A bit of signal processing swiftly reveals that diffusion models and autoregressive models aren’t all that different: diffusion models of images perform approximate autoregression in the frequency domain!
This blog post is also available as a Python notebook in Google Colab , with the code used to produce all the plots and animations.
Last year, I wrote a blog post describing various different perspectives on diffusion. The idea was to highlight a number of connections between diffusion models and other classes of models and concepts. In recent months, I have given a few talks where I discussed some of these perspectives. My talk at the EEML 2024 summer school in Novi Sad, Serbia, was recorded and is available on YouTube. Based on the response I got from this talk, the link between diffusion models and autoregressive models seems to be particularly thought-provoking. That’s why I figured it could be useful to explore this a bit further.

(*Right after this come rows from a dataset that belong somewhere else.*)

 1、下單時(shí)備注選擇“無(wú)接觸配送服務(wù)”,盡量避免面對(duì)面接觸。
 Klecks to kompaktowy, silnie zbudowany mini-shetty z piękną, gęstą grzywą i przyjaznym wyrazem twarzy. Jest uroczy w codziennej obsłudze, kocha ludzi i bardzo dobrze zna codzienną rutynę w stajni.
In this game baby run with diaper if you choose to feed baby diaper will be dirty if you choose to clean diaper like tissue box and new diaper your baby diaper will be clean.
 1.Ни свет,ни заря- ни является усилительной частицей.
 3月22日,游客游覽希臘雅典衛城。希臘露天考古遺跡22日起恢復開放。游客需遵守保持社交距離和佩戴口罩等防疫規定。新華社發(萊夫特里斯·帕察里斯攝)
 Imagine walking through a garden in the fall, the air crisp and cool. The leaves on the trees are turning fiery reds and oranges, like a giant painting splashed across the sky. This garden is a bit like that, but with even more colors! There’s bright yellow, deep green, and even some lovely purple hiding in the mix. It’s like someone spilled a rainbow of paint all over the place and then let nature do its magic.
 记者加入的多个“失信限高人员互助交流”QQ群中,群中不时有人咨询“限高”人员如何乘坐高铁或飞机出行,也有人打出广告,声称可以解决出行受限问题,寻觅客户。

In this blog post, I will unpack the above claim, and try to make it obvious that this is the case, at least for visual data. To make things more tangible, I decided to write this entire blog post in the form of a Python notebook (using Google Colab). That way, you can easily reproduce the plots and analyses yourself, and modify them to observe what happens. I hope this format will also help drive home the point that this connection between diffusion models and autoregressive models is “real”, and not just a theoretical idealisation that doesn’t hold up in practice.

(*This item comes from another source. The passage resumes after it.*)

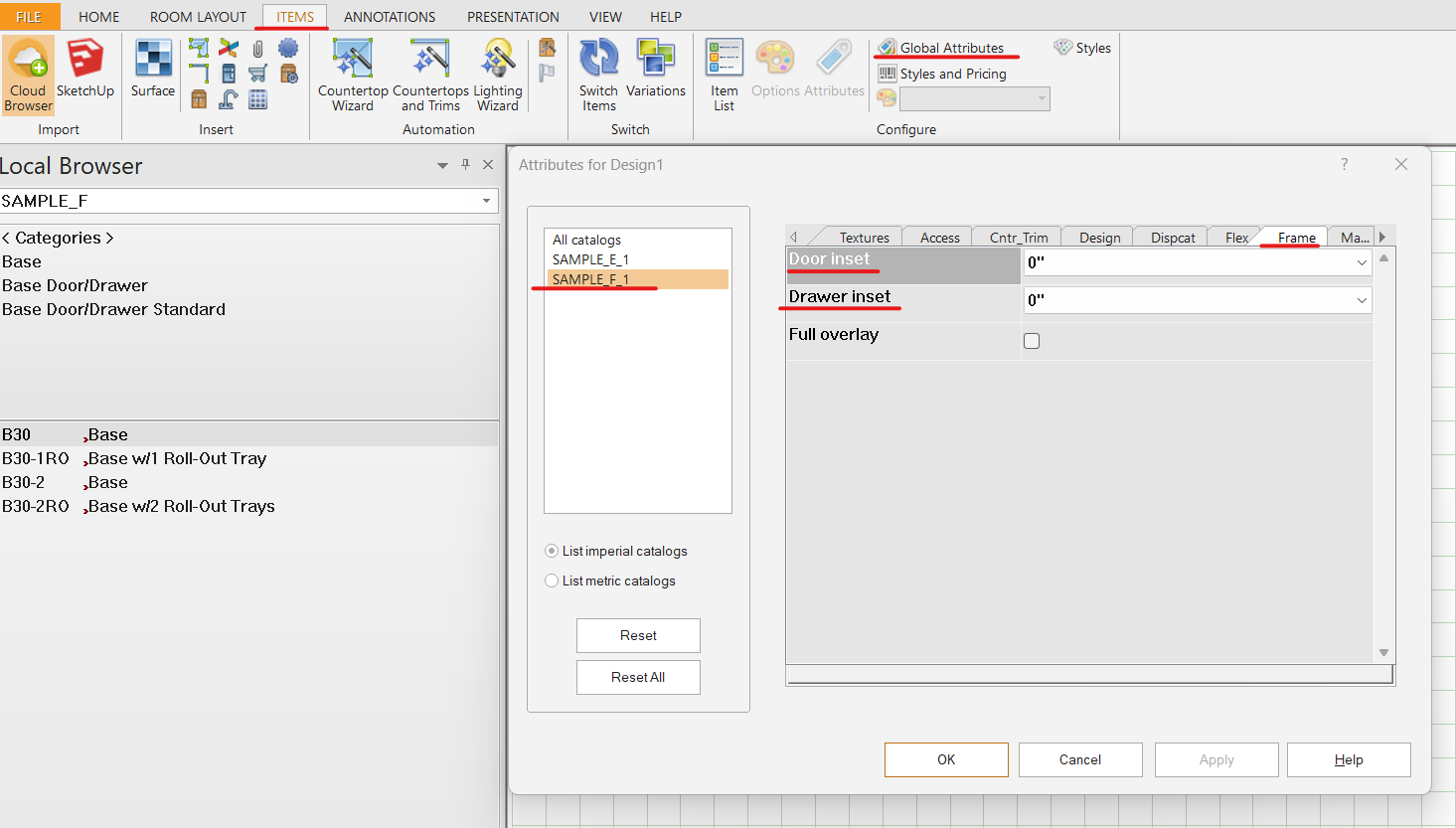 You can draw an inset door by using the SAMPLE_F catalog. Once you have your cabinetry on the floor plan, you can go to the Items tab and click on Global Attributes. In Global Attributes, select the SAPLE_F catalog on the left and then go to the Frame tab. In the Frame tab, you will have the ability to change the Door inset and Drawer inset.

In what follows, I will assume a basic understanding of diffusion models and the core concepts behind them. If you’ve watched the talk I linked above, you should be able to follow along. Alternatively, the perspectives on diffusion blog post should also suffice as preparatory reading. Some knowledge of the Fourier transform will also be helpful.
Below is an overview of the different sections of this post. Click to jump directly to a particular section.

Autoregression and diffusion are currently the two dominant generative modelling paradigms. There are many more ways to build generative models: flow-based models and adversarial models are just two possible alternatives (I discussed a few more in an earlier blog post).
Both autoregression and diffusion differ from most of these alternatives, by splitting up the difficult task of generating data from complex distributions into smaller subtasks that are easier to learn. Autoregression does this by casting the data to be modelled into the shape of a sequence, and recursively predicting one sequence element at a time. Diffusion instead works by defining a corruption process that gradually destroys all structure in the data, and training a model to learn to invert this process step by step.
This iterative refinement approach to generative modelling is very powerful, because it allows us to construct very deep computational graphs for generation, without having to backpropagate through them during training. Indeed, both autoregressive models and diffusion models learn to perform a single step of refinement at a time – the generative process is not trained end-to-end. It is only when we try to sample from the model that we connect all these steps together, by sequentially performing the subtasks: predicting one sequence element after another in the case of autoregression, or gradually denoising the input step-by-step in the case of diffusion.
Because this underlying iterative approach is common to both paradigms, people have often sought to connect the two. One could frame autoregression as a special case of discrete diffusion, for example, with a corruption process that gradually replaces tokens by “mask tokens” from right to left, eventually ending up with a fully masked sequence. In the next few sections, we will do the opposite, framing diffusion as a special case of autoregression, albeit approximate.